RAW DATA:
++++++++++

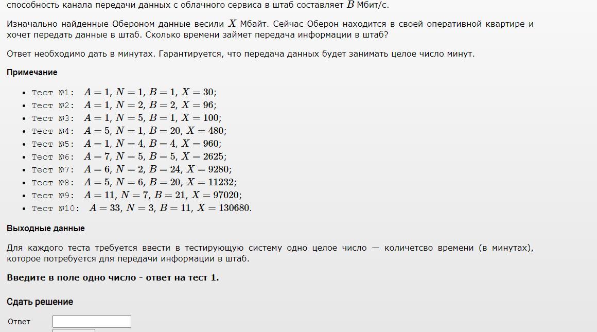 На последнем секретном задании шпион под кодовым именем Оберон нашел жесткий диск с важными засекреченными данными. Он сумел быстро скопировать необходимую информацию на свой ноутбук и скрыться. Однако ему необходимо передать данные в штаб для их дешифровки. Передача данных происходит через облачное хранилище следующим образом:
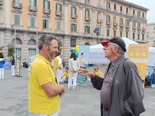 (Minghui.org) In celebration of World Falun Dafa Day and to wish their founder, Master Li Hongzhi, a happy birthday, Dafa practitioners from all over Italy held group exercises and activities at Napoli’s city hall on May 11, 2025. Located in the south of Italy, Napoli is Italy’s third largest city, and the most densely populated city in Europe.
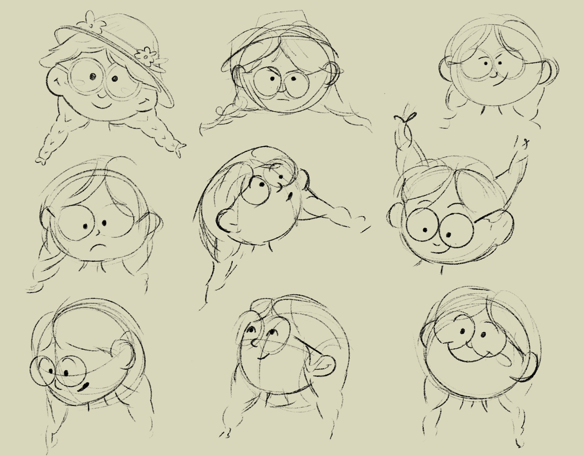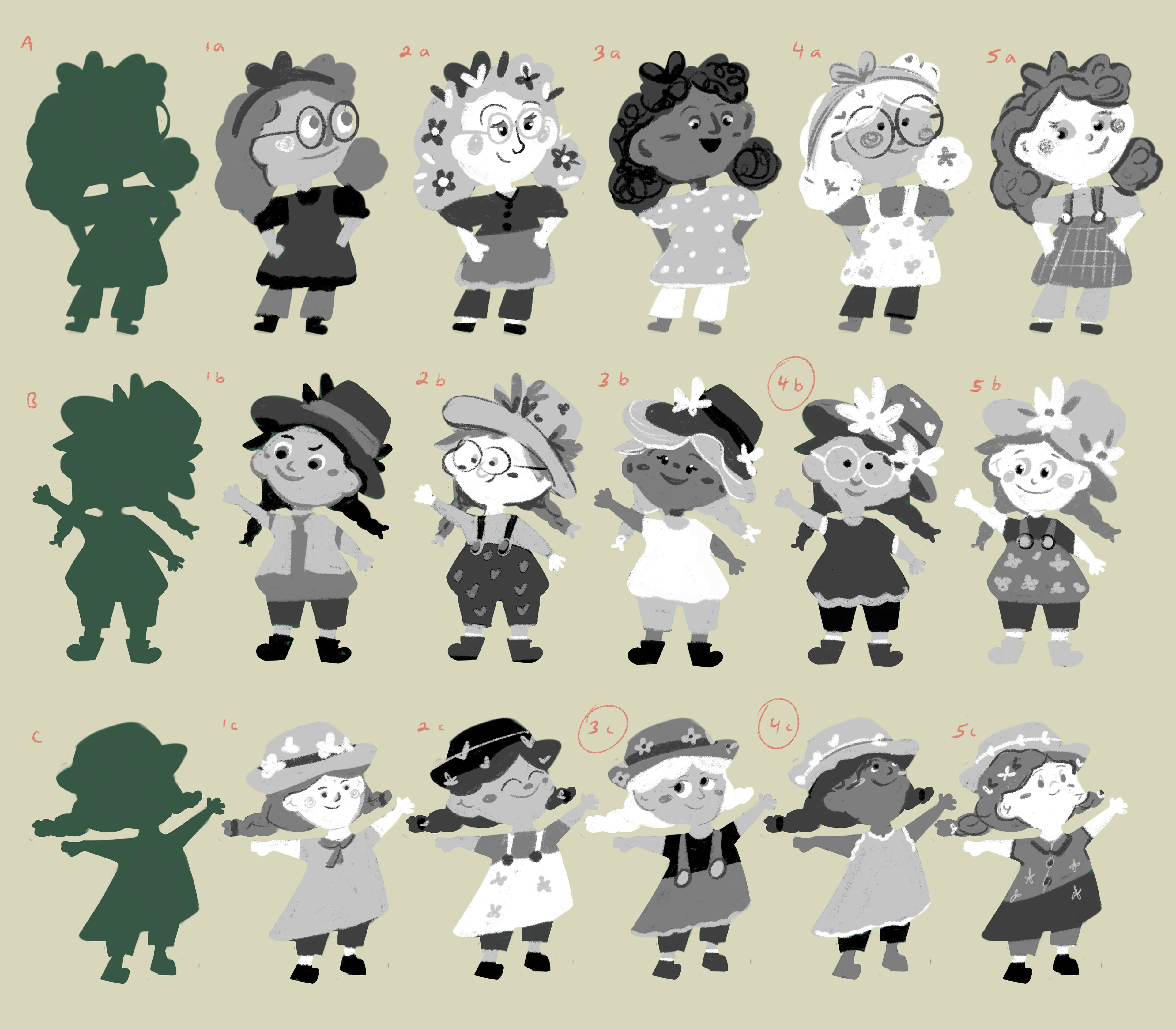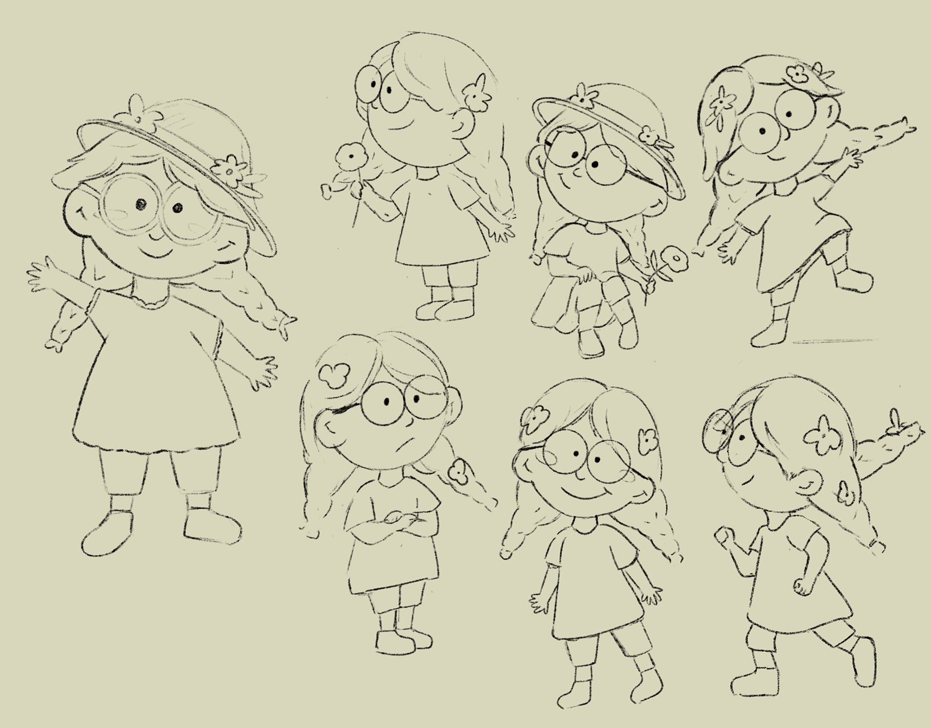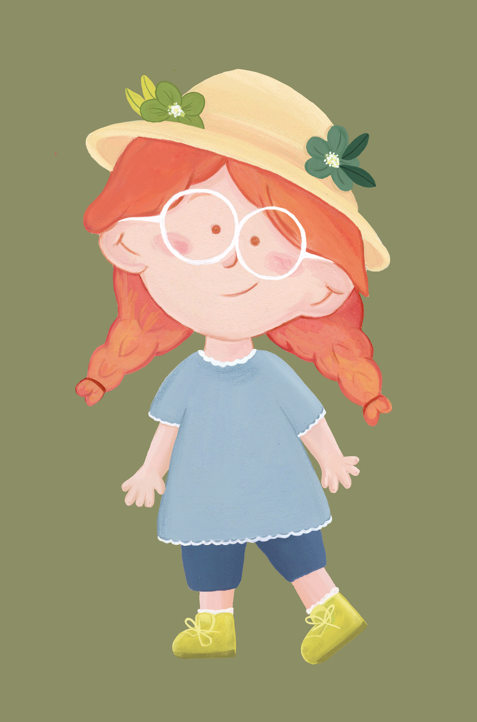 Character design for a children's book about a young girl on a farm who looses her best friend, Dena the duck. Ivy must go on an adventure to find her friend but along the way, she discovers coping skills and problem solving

++++++++++

TASK BRIEF:
Leaving out the pictures, repeat the data above exactly.

RESPONSE TO THE TASK:
 На последнем секретном задании шпион под кодовым именем Оберон нашел жесткий диск с важными засекреченными данными. Он сумел быстро скопировать необходимую информацию на свой ноутбук и скрыться. Однако ему необходимо передать данные в штаб для их дешифровки. Передача данных происходит через облачное хранилище следующим образом:
 (Minghui.org) In celebration of World Falun Dafa Day and to wish their founder, Master Li Hongzhi, a happy birthday, Dafa practitioners from all over Italy held group exercises and activities at Napoli’s city hall on May 11, 2025. Located in the south of Italy, Napoli is Italy’s third largest city, and the most densely populated city in Europe.
 Character design for a children's book about a young girl on a farm who looses her best friend, Dena the duck. Ivy must go on an adventure to find her friend but along the way, she discovers coping skills and problem solving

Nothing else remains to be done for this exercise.